Hacer una pausa en el diario transitar y reflexionar, pensar, encontrarse, se ha vuelto una tarea más que necesaria, urgente. Un compromiso para poder asimilar lo que está pasando y qué rol asumimos en esta vorágine que ha puesto al mundo patas para arriba, llevando todo a una realidad nunca antes conocida (salvo en libros apocalípticos).
Esa mirada hacia adentro, hacia uno mismo, para poder vernos en esta nueva certeza que se ha vuelto la cotidianidad.
He aquí donde aparece la pandemia: una crisis que ha detenido el mundo, más allá de idiomas, razas, tradiciones, banderas y en la que cada uno ha vivenciado un cambio total en su vida, sus rutinas y costumbres, especialmente sociales. Un momento en el que nuestra agenda laboral comenzó a invadir los tiempos personales y familiares con tareas y reuniones, haciendo del día y la semana una unidad de medida insuficiente y acotada. Una realidad donde la única certeza es la incerteza y el ahora.
Esto ha implicado un caudal de emociones que nos asaltaron, evidenciando nuestra emocionalidad. Ya no podemos programar y vivir en la ansiedad del mañana ni quedarnos en la melancolía del ayer, pues todo pasa demasiado rápido y el ensamblaje de emociones nos recuerda que seguimos vivos y no hay minuto que perder. Incluso pues el ahora, los “ahoras” son lo único que tenemos y no podemos dejar que se nos escurran entre los dedos.
Entonces, nos abalanzamos a las redes, buscando recobrar el calor humano, la magia de la risa espontánea, el placer de las conversaciones casuales y la emoción de ese café compartido que ahora se traduce en un emoticón. Distancia social pero claramente no emocional.
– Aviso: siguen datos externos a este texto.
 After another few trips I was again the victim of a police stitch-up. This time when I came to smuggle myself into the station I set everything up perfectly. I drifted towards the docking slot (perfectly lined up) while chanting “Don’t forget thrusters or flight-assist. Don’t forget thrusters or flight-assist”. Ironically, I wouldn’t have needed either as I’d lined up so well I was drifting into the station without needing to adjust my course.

Más que nunca necesitamos esas redes, esa humanidad, que dan sentido a nuestro día a día, a aquello que por esencial es invisible a los ojos.
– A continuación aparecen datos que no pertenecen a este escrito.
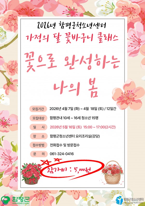 - [모집] 2026년 함평군청소년센터 똑똑! 솜씨학교 '꽃으로 완성하는 나의 봄' (생화 꽃꽂이) 참가자 모집!
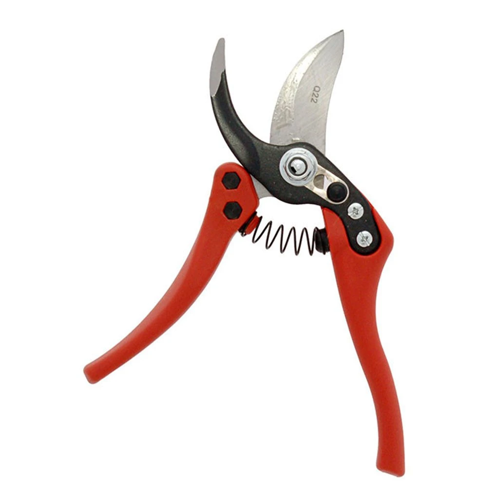 - Pruners have a one-hand locking mechanism with steel button.

Estamos en un momento en que para nuestro bienestar requerimos volver a darle sentido a lo que somos y hacemos. Volver al origen, al núcleo, a uno mismo y a los tuyos. A algo como un turismo o viaje interior. Pero la complejidad de enfrentar ese tsunami emocional y saber gestionarlo es un gran desafío. Claramente, hemos sentido en lo más hondo: miedo, tristeza, pena, angustia, frustración, añoranza, desesperación.
Han salido al paso nuestras luces y sombras y todo ello con este cocktail emocional que –en instantes– nos deja perplejos y paraliza, o lleva a un desborde brutal. En las penumbras nos interceptaron emociones que teníamos tan subordinadas a lo urgente que llegamos a considerarlas accesorias, pero claramente eran todo menos eso. Así, esta pandemia nos hizo verlas, sentirlas e incluso llegar a tocar fondo de la mano de la tristeza para poder soltar. Soltar para levantarnos, para seguir, para persistir.
Es allí, en la crisis, en el dolor, donde surge la resiliencia. Un valor indispensable en los tiempos presentes. Un regalo que ha tomado el protagonismo y con toda razón. Pues la crisis está, llegó y se está quedando; pero es la oportunidad, nuestra alternativa, para hacer un alto en el camino, mirar qué hemos hecho, cómo hemos estado viviendo, cuáles han sido nuestras prioridades y decidir qué vida queremos vivir. Redescubrirnos, reinventarnos y volver a disfrutar lo que hacemos, darle pausa y saborear lentamente los momentos que nos alientan, aprender a escalar muros en lugar de llorar frente a ellos, tomándolos como obstáculos. Nutrirnos del milagro de lo divergente, y abordar la posibilidad a partir del nudo.
No significa que sea fácil, o que no reconozcamos su dificultad, sino solamente que decidimos crecer a partir de ella y vivirla desde la oportunidad y no la carencia.